The strength of this study is that it assessed whether a comparatively high proportion of phospholipids in different lipoproteins is a protective factor against the development of diabetic kidney disease in the European population. Our research uncovered potential clinical implications. First, regular lipid profiling in diabetic patients, including a detailed analysis of IDL and LDL subfractions, could become an essential component of routine health assessments. Second, nutritional guidance aimed at modulating the lipid composition of diets may be provided to patients and health care providers. For example, omega-3 phospholipids have proven efficacy in improving impaired glucose homeostasis and insulin sensitivity in obese patients, and krill oil can be a major source of omega-3 phospholipid intake [34]. Last, understanding individual lipid profiles could pave the way for personalized medicine approaches. The regular monitoring of lipid profiles in diabetic patients, particularly those displaying early signs of kidney dysfunction, could facilitate the timely and effective adjustment of therapeutic strategies. This insight may open avenues for further research into the development of new therapeutic agents targeting lipid metabolism specifically related to diabetic kidney disease. Although the results vary among populations, this study provides new directions for precise treatment in European populations. Bias due to potential confounders can be greatly reduced through MR analysis, and the impact on study conclusions caused by reverse causality can also be avoided. By studying a homogeneous population, we aimed to reduce potential biases and increase the internal validity of our study. It is also important to consider that genetic studies in diverse populations can present unique challenges due to population stratification and differences in allele frequencies. However, this study was relatively preliminary, and the positive effects of phospholipids in different lipoproteins on the population with diabetic kidney disease need to be further investigated. Further research on ways to elevate the levels of phospholipids in relevant lipoproteins in people at risk for the disease is also needed. In addition, this study established some causal relationships from a genetically based perspective, although it is necessary to conduct clinical cohort studies to further validate the findings.

Conclusion

This study found that a higher proportion of phospholipids in intermediate-density lipoprotein and the various subfractions of low-density lipoprotein, including large LDL, medium LDL, and small LDL, is associated with a lower risk of developing diabetic kidney disease.
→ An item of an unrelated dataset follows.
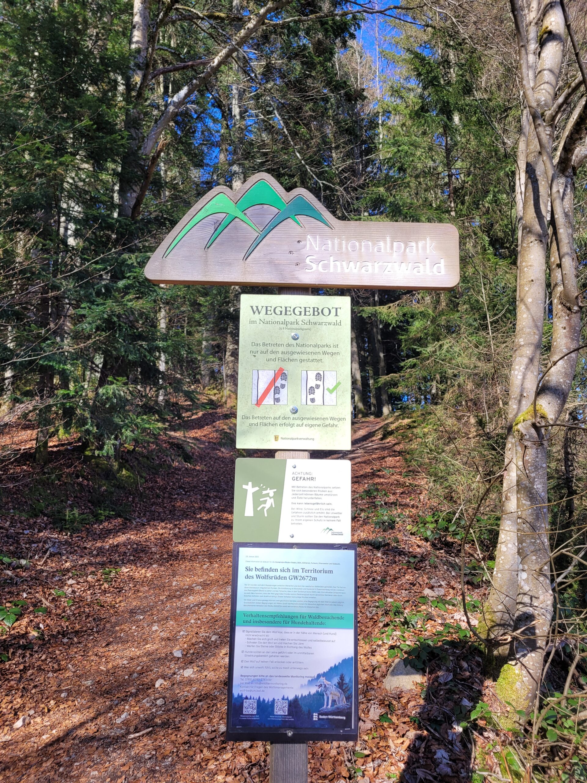 Ein Schild am Wegrand macht uns aufmerksam: Hier lebt ein Wolf. Schlagartig sind wir hellwach. Unsere Stimmen werden leiser, unsere Schritte bedachter. Vielleicht – mit etwas Glück – zeigt sich das scheue Tier.

This finding can assist clinical physicians in risk management and prognosis evaluation for certain high-risk patients by identifying phospholipid levels in lipoproteins, particularly in diabetic patients. Increased levels of phospholipids in these types of lipoproteins after a period of intervention may have a positive effect on reducing the incidence of diabetic kidney disease. Furthermore, further quantitative and mechanistic studies on the various lipid components of various lipoproteins will have a positive effect on the clinical management of diabetic kidney disease.

Supporting information

S1 Table. Other analyzed exposure nonpositive datasets.

https://doi.org/10.1371/journal.pone.0302485.s001

(XLSX)

Acknowledgments

Thanks to the IEU open GWAS project developed by The MRC Integrative Epidemiology Unit (IEU) at the University of Bristol. We want to acknowledge the participants and investigators of the FinnGen study and UK Biobank.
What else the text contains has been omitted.